Generally, I do think the "updated at any time" thing is good because it is a bit ridiculous that you have to go through the whole process of publishing a new edition of a book just to correct errors and make small improvements. I guess it is most important when you are writing about a fast moving field though.

Generally, I do think the "updated at any time" thing is good because it is a bit ridiculous that you have to go through the whole process of publishing a new edition of a book just to correct errors and make small improvements. I guess it is most important when you are writing about a fast moving field though.

I think we're probably thinking about very different sorts of books, here. I think the updatable wiki sort of thing could work very well for things like textbooks and reference books, where the goal is to give a relatively objective and comprehensive overview of a field. In that case, it's important to have all the facts be up-to-date.

The sort of books I'm thinking of, though, are more along the lines of Unscientific America, which prompted the whole thing. They're books that make an argument for a particular point of view at a particular point in time. Those don't really benefit from updating in the same way-- while the external situation may change, it doesn't really make sense to update that sort of book, because doing so makes it an entirely different book.
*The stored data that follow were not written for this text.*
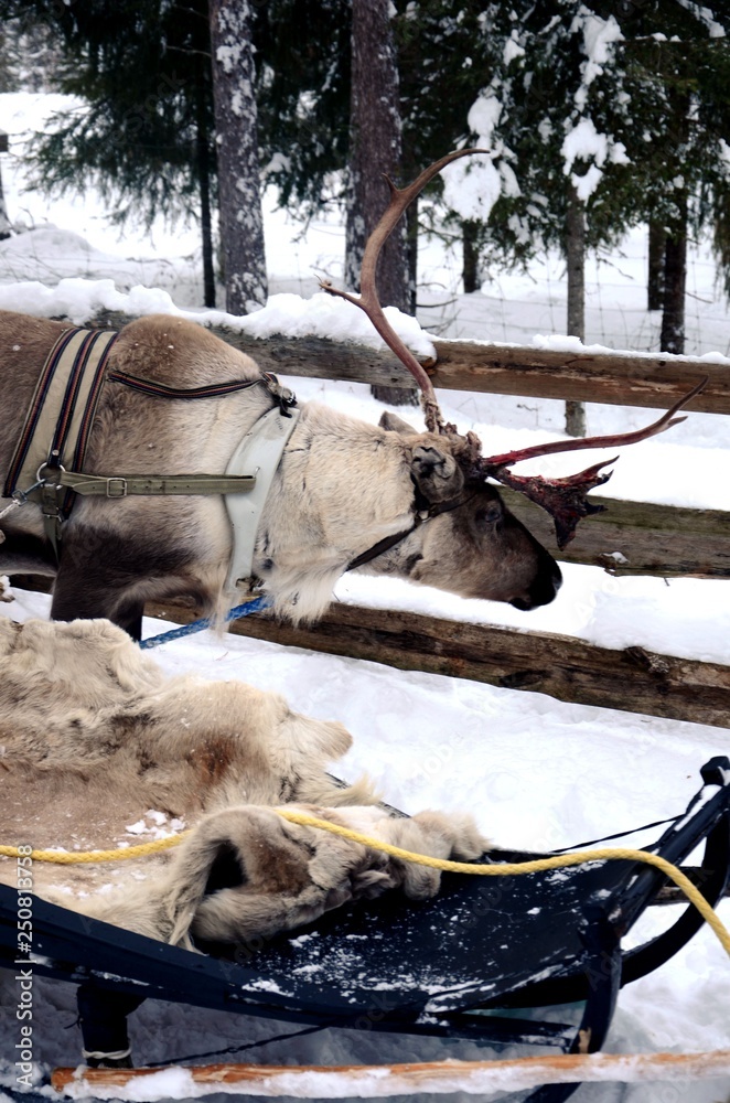 Laponie finlandaise : Ferme de rennes dans la campagne aux alentours de Levi
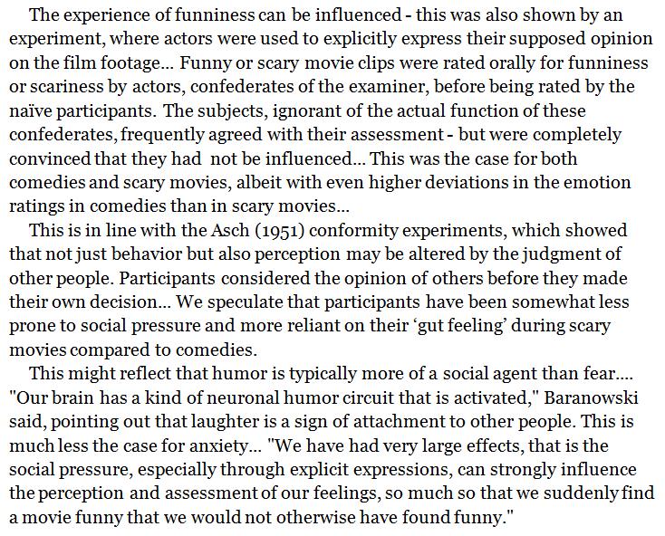 The judgment of funniness of movies was far more strongly influenced by conformity pressure than that of scariness. http://www.uni-mainz.de/presse/aktuell/2506_DEU_HTML.php …pic.twitter.com/kYKUjhRtup
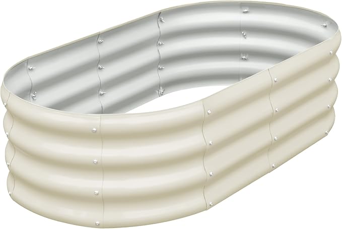 SnugNiture Galvanized Raised Garden Bed, 4x2x1ft Oval Metal Planter Box for Planting Outdoor Plants Vegetables
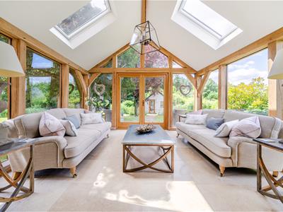 The accommodation is arranged over two levels, and briefly comprises; entrance porch, entrance hall, large dual-aspect L-shaped sitting room, with open fireplace, dual aspect dining room, bespoke fitted kitchen with central breakfast island, sleek granite worktops and a cream coloured AGA (disconnected). There is a lovely snug which leads through to the beautifully appointed oak framed garden room, which overlooks both the garden and neighbouring fields, cloakroom, utility room and pantry, to the ground level.
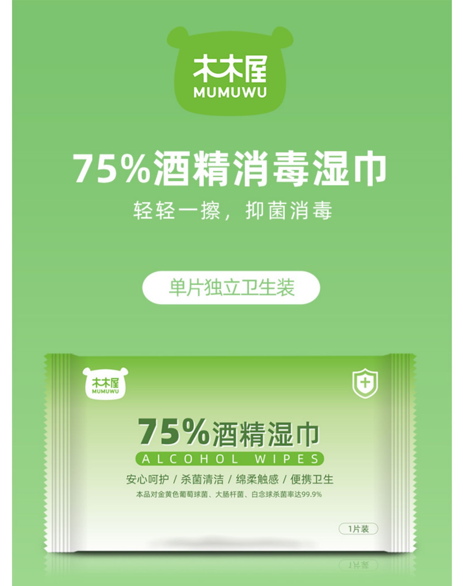 【超值50片】疫情仍未结束,防疫仍要注重!大牌木木屋75度酒精消毒湿巾,45g珍珠纹水刺布,亲肤备柔,方便携带,滋润不干燥,轻轻一擦,高效杀菌!
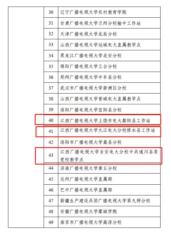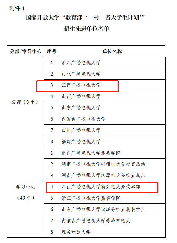 国家开放大学公布了“教育部‘一村一名大学生计划’”招生先进单位评选结果,我校及新余电大分校本部、上饶市电大鄱阳县工作站、九江电大分校修水县工作站、吉安电大分校中共遂川县委党校教学点被评为国家开放大学“教育部‘一村一名大学生计划’”招生先进单位。
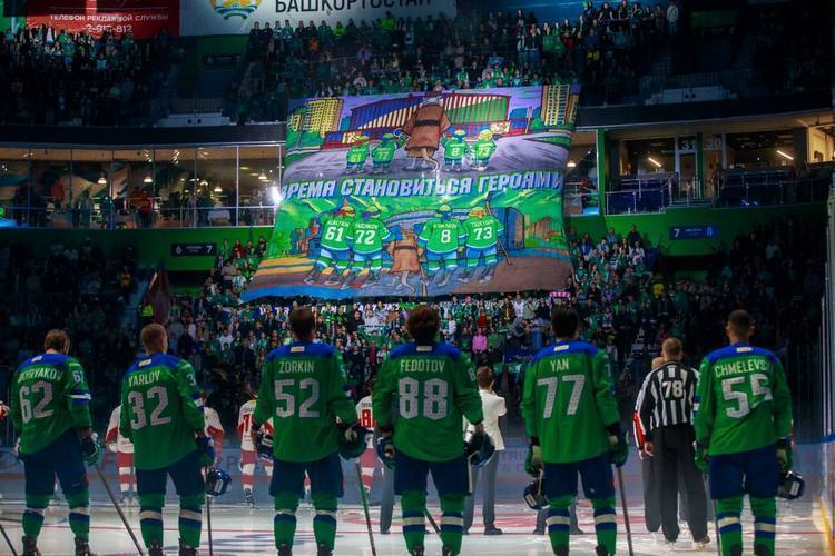 Посетил первую домашнюю игру глава Башкортостана Хабиров, что особенно важно: без помощи республики «Салавату» не выйти из тяжёлой экономической ситуации. Также на матче присутствовал министр спорта РБ Руслан Хабибов, он приехал не просто поболеть, а для торжественной церемонии в перерыве, где игроков женской хоккейной команды «Агидель» поздравляли с чемпионством ЖХЛ минувшего сезона.

I'm not enough of a student of philosophy to be able to come up with good examples, but it's not uncommon to see references to thinkers whose stances on various things evolved over time, sometimes to the point where they wouldn't necessarily agree with things they wrote when they were younger. I think there's some value in having those earlier books remain intact as they were when first published, though, rather than having the original author constantly tinkering with a single dynamic work.

An example a little closer to my middlebrow comfort zone would be popular books and movies. The dynamically edited model seems to me to be a little like the digital re-edits of the Star Wars movies (Han shot first, damn it!). Or the extended versions of the Lord of the Rings movies, or the umpteen different cuts of Blade Runner that have been released, or Ted Turner's colorization of old movies, lo these many years ago. The products of those after-the-fact re-edits are interesting, but also kind of unnecessary. And having them entirely replace the original versions is just wrong.